History-centrism bolsters Christianity’s resilience: unlike dharma’s timeless truths, it posits Jesus’ singular intervention demanding erasure of priors, falsifying pagan pasts as in Europe’s conversions. Janjatiya cultures risk vanishing, their sacred sites becoming cross-topped “prayer hills,” fueling conflicts like Sarna demands. Vigilance against sameness myths preserves roots, countering this existential threat.

Various interacting ideologies follow the same natural patterns that we see in interspecific interactions ( i.e. interactions between different species). I would call it “inter-ideological intraspecific interactions”. Rajiv Malhotra’s digestion theory explains his perspective on the relationships between Christian and Hindus referring explicitly in terms of predator and prey but described in terms of parasitic coevolution and implicit carnivores-herbivores trophic relationship between these missionary Christians vs. Hindus. Author Jamadagnya calls it Rajiv Malhotra’s “digestion theory” and claims that it provides a precise framework for understanding Christian evangelism’s strategy in Tamil Nadu and Janjatiya India.
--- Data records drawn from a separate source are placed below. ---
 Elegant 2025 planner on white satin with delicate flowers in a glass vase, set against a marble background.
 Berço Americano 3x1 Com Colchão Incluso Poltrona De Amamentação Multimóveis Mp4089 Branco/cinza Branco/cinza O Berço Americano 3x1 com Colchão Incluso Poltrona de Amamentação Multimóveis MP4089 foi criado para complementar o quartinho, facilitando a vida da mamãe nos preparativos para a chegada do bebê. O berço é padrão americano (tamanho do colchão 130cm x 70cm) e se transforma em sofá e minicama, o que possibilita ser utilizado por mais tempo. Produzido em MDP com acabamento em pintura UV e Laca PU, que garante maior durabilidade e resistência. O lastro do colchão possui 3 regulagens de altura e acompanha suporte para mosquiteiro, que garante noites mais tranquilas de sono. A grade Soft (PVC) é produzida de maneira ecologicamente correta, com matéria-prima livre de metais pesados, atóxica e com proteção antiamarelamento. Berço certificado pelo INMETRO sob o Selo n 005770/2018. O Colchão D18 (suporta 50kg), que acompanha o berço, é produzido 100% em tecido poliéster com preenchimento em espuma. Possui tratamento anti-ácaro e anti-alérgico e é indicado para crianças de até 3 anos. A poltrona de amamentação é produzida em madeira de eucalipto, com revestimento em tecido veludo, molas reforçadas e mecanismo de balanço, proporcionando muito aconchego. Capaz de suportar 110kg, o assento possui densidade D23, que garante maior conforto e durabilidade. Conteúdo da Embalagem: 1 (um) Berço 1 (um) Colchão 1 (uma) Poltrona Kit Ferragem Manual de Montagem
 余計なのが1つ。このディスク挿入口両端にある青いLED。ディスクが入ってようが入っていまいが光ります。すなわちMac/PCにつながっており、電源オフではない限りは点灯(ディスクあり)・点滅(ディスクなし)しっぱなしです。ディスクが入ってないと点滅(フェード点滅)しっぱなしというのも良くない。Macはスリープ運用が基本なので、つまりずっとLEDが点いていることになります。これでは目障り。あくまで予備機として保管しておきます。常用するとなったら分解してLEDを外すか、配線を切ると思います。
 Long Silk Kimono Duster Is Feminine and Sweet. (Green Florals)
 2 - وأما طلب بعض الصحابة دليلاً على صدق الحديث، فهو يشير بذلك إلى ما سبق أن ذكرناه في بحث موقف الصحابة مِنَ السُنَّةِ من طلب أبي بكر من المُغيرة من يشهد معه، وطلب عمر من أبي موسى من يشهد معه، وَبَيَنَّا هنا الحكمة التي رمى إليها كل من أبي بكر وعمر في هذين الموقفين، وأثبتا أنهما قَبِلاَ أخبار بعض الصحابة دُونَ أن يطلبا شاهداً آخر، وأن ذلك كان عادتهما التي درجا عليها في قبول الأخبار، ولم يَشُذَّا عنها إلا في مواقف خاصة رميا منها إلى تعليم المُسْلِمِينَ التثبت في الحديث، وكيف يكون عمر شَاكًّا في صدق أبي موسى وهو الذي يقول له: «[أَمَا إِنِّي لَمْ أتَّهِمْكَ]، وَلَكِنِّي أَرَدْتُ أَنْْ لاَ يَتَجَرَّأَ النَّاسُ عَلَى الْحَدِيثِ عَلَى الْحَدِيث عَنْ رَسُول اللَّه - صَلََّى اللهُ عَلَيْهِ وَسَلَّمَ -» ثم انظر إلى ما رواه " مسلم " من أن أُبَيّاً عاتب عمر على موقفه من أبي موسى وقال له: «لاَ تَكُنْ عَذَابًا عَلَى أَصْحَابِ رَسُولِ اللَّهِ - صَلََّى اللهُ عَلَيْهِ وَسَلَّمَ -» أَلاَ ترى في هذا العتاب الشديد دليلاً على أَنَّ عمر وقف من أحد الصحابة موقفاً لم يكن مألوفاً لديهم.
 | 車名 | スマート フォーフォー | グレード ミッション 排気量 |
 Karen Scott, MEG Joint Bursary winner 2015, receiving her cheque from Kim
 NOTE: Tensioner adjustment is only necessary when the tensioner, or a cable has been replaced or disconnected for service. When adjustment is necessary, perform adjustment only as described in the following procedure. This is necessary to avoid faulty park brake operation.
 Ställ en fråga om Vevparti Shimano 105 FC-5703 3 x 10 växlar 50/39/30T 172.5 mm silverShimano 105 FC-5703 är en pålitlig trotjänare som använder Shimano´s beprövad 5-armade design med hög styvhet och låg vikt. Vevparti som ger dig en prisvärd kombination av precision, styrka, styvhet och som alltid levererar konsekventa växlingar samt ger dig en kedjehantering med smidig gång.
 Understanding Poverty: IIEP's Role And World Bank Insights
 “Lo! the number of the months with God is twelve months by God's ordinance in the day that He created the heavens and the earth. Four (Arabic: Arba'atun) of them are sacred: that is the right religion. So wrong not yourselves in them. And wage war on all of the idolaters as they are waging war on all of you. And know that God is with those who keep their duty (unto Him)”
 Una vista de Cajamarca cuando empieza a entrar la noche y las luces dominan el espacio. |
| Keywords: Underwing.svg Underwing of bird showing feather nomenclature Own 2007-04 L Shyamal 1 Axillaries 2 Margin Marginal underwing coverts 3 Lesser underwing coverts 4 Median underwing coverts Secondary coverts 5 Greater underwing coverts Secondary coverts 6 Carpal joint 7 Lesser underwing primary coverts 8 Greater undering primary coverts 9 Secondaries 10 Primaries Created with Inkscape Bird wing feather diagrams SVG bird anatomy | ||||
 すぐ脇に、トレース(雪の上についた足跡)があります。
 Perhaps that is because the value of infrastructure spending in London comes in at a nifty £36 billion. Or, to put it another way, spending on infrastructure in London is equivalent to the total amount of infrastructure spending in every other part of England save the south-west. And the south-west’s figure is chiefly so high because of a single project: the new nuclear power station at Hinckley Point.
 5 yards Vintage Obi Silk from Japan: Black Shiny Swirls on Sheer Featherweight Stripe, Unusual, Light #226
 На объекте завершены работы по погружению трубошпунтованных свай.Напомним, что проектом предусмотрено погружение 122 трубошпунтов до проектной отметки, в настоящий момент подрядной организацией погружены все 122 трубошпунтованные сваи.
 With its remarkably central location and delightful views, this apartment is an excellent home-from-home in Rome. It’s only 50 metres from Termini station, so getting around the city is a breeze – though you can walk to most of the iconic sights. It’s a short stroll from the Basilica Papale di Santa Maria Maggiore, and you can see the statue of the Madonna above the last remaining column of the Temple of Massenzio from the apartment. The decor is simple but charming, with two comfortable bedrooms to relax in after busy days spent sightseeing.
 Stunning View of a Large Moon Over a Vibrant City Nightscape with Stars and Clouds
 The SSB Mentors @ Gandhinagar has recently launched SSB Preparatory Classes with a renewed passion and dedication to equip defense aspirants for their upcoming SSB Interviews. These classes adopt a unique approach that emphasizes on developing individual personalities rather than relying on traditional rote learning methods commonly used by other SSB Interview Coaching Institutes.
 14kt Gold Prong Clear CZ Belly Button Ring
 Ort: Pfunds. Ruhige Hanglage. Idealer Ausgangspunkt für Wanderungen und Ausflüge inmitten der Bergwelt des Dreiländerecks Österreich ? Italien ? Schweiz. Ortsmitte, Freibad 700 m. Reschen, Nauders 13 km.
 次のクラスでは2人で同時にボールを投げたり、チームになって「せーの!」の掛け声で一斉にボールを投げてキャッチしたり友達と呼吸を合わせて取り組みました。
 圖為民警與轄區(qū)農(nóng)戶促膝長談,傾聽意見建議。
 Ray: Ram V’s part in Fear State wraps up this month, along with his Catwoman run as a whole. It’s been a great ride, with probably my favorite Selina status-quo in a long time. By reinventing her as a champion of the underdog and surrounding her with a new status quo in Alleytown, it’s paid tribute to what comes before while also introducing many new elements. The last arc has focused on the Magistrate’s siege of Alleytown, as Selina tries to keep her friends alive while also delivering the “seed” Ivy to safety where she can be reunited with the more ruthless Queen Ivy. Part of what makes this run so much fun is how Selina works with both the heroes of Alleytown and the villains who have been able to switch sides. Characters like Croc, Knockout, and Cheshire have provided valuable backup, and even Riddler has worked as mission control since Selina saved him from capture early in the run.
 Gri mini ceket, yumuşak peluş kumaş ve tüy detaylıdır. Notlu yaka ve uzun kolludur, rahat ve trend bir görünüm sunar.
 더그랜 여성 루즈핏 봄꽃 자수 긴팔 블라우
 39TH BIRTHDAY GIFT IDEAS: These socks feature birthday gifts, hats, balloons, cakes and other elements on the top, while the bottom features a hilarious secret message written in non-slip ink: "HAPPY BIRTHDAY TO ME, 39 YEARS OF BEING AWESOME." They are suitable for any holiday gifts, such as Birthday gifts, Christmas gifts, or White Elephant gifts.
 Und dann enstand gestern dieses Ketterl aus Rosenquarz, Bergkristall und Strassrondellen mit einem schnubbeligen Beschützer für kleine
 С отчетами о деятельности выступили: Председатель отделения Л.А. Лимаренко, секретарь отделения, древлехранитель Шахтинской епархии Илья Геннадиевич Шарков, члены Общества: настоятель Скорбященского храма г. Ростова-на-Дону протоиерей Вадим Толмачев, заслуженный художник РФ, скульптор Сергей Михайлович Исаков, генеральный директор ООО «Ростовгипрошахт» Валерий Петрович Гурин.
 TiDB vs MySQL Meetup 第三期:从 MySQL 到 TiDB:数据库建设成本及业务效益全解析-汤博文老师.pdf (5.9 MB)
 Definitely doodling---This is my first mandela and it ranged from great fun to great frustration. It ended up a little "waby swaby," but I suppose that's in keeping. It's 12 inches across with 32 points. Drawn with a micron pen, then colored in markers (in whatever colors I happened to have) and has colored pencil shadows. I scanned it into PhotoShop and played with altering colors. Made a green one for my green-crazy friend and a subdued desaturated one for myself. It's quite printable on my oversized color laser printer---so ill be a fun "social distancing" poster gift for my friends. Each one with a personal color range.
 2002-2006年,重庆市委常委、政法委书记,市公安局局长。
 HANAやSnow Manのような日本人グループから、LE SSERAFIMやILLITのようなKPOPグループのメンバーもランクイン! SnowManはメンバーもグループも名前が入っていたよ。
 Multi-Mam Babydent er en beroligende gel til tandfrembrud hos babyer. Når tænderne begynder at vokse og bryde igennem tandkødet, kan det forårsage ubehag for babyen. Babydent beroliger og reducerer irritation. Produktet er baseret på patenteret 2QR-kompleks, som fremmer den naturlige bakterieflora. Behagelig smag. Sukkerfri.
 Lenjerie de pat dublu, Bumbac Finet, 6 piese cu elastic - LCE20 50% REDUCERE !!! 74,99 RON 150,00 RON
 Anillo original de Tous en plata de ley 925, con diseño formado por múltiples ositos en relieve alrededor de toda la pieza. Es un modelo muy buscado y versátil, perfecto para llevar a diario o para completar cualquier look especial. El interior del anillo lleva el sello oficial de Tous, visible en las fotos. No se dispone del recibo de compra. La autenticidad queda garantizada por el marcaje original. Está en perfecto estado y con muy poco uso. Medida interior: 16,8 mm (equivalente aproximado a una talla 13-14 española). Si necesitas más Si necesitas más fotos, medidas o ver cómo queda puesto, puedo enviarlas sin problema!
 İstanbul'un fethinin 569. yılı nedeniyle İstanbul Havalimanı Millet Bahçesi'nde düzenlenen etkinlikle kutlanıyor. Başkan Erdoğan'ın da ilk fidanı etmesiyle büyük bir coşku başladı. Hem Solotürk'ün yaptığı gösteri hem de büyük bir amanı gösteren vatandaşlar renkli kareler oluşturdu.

Inter-deological interactions are inevitable. Sometimes gruesome, like Shaivite Sambandar impalement of Shamanars in 7th-8th century. Rajiv Malhotra’s “digestion theory” does give his description of Christian-Hindu interactions with a morality sense of Christian/Western perpretators vs Hindu victims, but fails to provide any real helpful understanding to victims. Nor it helps perpetrators and victims to evolve into “more moral” interaction. In fact, a perpetrator may come out feeling as “victor” and victim as “loser” and so not worthy of any “respect” and even less worthy of following its “loser” ideology. He did not provide a single counter strategy, so his “theory” has no solution to either party.
It is not just Rajiv Malhotra, but also HinduPost and other Hindu sites that focus overwhelmingly in such analysis. To our much appreciation and gratitude, they do a good job in documenting incidents and patterns of injustice and oppression that Hindus are being subjected to by radicalized religion inspired inimical entities. Reliability and verifiability of such incidents is critical when we present our case to world and to fellow religionists. However, I think, we also need to discuss things from the point of resulting strategies and also from the point of view of altering mental state of Hindu samaaj to act in a organised state and to a facultative dominant state.
So, to start with, on every such one-sided Malhotra framework, what about a “precise framework” to understand the preyed victim wretchedness of these suffering Hindus and other nonchalant neighbouring Hindus? Why do only Hindus (even educated Hindus) numerically overwhelmingly get convinced by Christianity and Mohammadanism and why even torturing, raping perpetrators are able to act without any fear amongst the sea of Hindus?